Biomechanical Evaluation of 2 Techniques for Ulnar Collateral Ligament Reconstruction of the Elbow

George A. Paletta, Jr, MD*, Steven J. Klepps, MD{dagger}, Gregory S. Difelice, MD{ddagger}, Tracy Allen, MD§, Michael D. Brodt, MS, Meghan E. Burns, Matthew J. Silva, PhD and Rick W. Wright, MD||

From the * Center for the Athlete’s Shoulder and Elbow at the Orthopaedic Center of St Louis, Chesterfield, Missouri, {dagger} Montana Orthopedics, Billings, Montana, {ddagger} Ranawat Orthopaedic Center, New York, New York, § University of Kentucky, Lexington, Kentucky, and Department of Orthopaedic Surgery, Washington University School of Medicine, St Louis, Missouri

|| Address correspondence to Rick W. Wright, MD, Department of Orthopaedic Surgery, Washington University School of Medicine, One Barnes-Jewish Hospital, Suite 11300 West Pavilion, St Louis, MO 63110 (e-mail: rwwright1{at}aol.com).

Background: Elbow medial ulnar collateral ligament tears often result in pain and instability that may be career threatening in overhead-throwing athletes. Surgical reconstruction is frequently chosen to treat this injury. Ulnar collateral ligament reconstruction as described by Jobe is the most commonly used technique. Testing of this construct has not demonstrated that the biomechanical parameters of the native ligament are restored. A more recent construct, the docking technique, may more reliably reproduce these factors.

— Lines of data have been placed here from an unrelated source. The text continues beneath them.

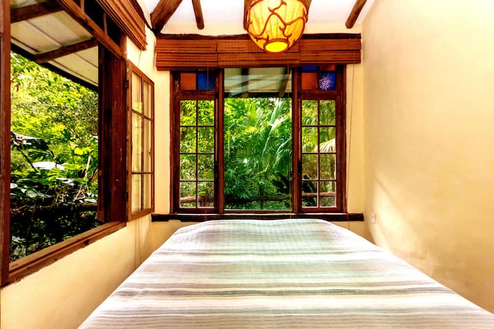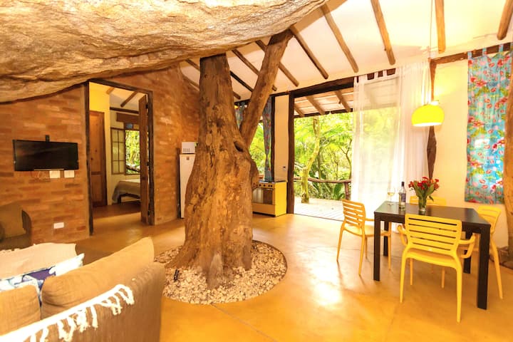 Cabaña de lujo con aire acondicionado, cocina y piscina natural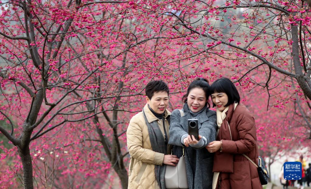 2月12日,游客在四川省瀘州市江陽(yáng)區丹林鎮建設村賞花拍照。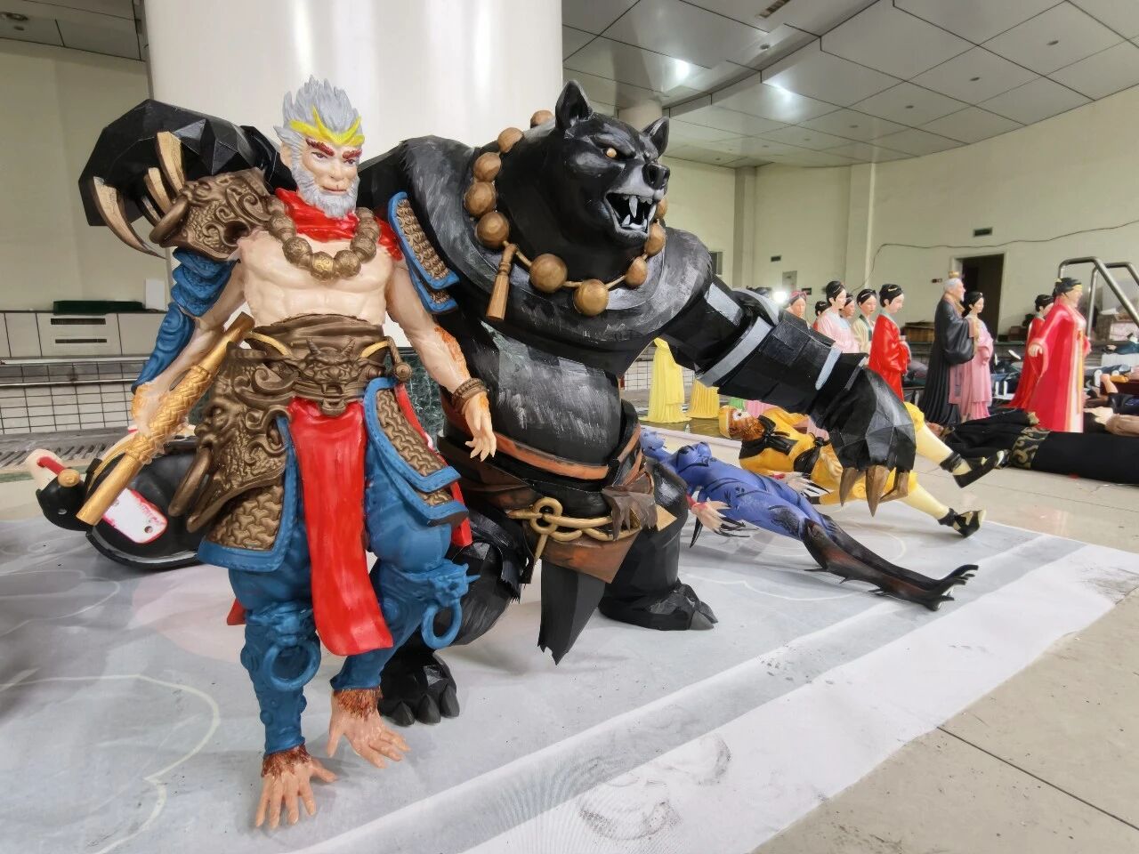“天命人、黑熊精等角色均采用3D打印一体成型,五官神态栩栩如生。”灯展总设计师赵宝明表示,配合内部精密的机械传动结构,所有人物均可实现挥手、转身、腾云等连贯动作,让国漫形象从屏幕走进现实,为传统灯会注入年轻活力。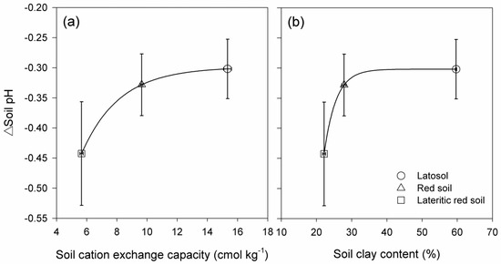 Dependence of Changes in the soil pH (ΔSoil pH) after treatments relative to the control on the soil cation exchange capacity (a) and clay content (b). The signals present the mean values of ΔSoil pH for the three soils under different treatments.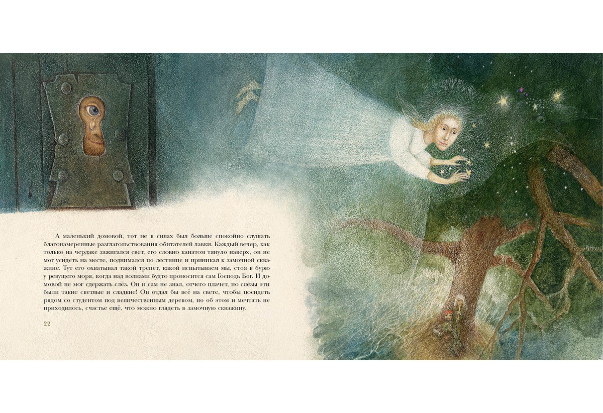КнигиДомовой обитает в доме у лавочника. Тот угощает его кашей с маслом каждый сочельник — чего ещё можно желать для счастья? Но вот однажды в лавку приходит бедный студент и вместо еды покупает- старую книжонку стихов. Чем же стихи лучше, чем свежий кусок сыра? И что значит — разбираться в поэзии? Любопытный домовой хочет понять, и его ожидают чудесные открытия…

Hypothesis: Increasing the number of strands of palmaris longus tendon graft used in ulnar collateral ligament reconstruction and tensioning them using the docking technique result in a construct with improved biomechanical parameters as compared with the Jobe technique.

Study Design: Controlled laboratory study.

Methods: Thirty-three fresh-frozen human cadaveric elbows were randomized into 3 subgroups: Jobe (11), docking (12), and native (10). The Jobe and docking groups underwent reconstruction using their described palmaris tendon graft constructs. The ulnar collateral ligament was left intact in the native group. Elbows were potted and tested using a servohydraulic materials testing machine to apply a valgus moment at 30° of elbow flexion. Maximal moments to failure, stiffness, and strain at maximal moment and with a 3 N·m force applied were determined using a 2-camera motion analysis system to track reflective markers spanning the site.

Results: The docking (14.3 N·m) and native (18.8 N·m) subgroups resulted in higher maximal moment to failure than did the Jobe (8.9 N·m) subgroup (P < .001). There was no significant difference between native and docking groups (P > .05). Native ligaments were stiffer (301.4 N·m) than were Jobe (74.3 N·m) or docking (80.8 N·m; P < .001). Native ligaments demonstrated lower strain at maximal force (0.087 mm/mm) and 3 N·m forces (0.030 mm/mm) than did the Jobe (0.198/0.057 mm/mm) or docking (0.287/0.042 mm/mm) subgroups. There was no difference in stiffness or strain between the Jobe and docking subgroups (P > .05).

Conclusion: Neither technique reproduced the biomechanical profile of the native ulnar collateral ligament; the findings of this study suggest that the docking construct may offer initial biomechanical advantage over the Jobe construct.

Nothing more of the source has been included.